6 thoughts on “Reviving this blog

    • Lady, it’s not because you Americans, liberals and neocons alike, ‘want’, that the whole world has to jump and creep at once. These days are over.

  1. Pingback: Tongue in Chic Gallery raised funds for Transfolks in Kyrgyzstan! | Tongue in Chic Gallery

  2. “Sometimes I think that Kyrgyzstan is a success story guinea pig.”

    You name it! The country IS a guinea pig, that is, for the neoliberal colonisation which destroyed entire society and in which people like you are instrumental. The thing is that your movement only represent your own caste and the donor interests behind it.

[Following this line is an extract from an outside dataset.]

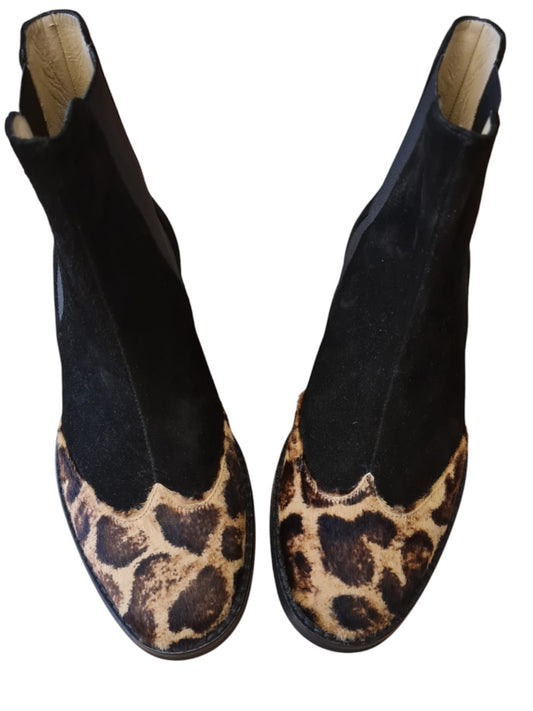 Allegra stivaletto in camoscio nero e cavallino giraffa naturale

    • Dear Seidkazi, Thank you for sharing your thoughts on this. I feel this way often, too about Kyrgyzstan being a guinea pig. I do not support many of the neoliberal policies, yet when it comes to the communities that I work with, I think that their lives are better now than 8 years ago when we started our organization. If you could elaborate what you mean by “destroying society”, I would be glad to have a conversation with you about it here. Kyrgyzstan does not exactly have a caste system and the people who come to us are from very diverse groups. I am aware of my own privilege and raise issues of access to resources very often in my work. About “donor interests”, we usually find a way to combine our interests with donor interests and things that come out are quite good. About my “instrumentality” in “destroying entire society”: if you are referring to sexual rights work that I do, I think that supporting people who love those of their own gender or identify differently from what they were assigned at birth, is positive for the society rather than negative. Healthy and happy LGBT people contribute to society quite a lot than those who are prevented from living authentic lives.

      • Hm OK, nice and well but I think that you parrot the standard development discourse on this matter. And today, Kyrgyzstan is no longer the somewhat silly, gullible society that it used to be under donor darling Akayev.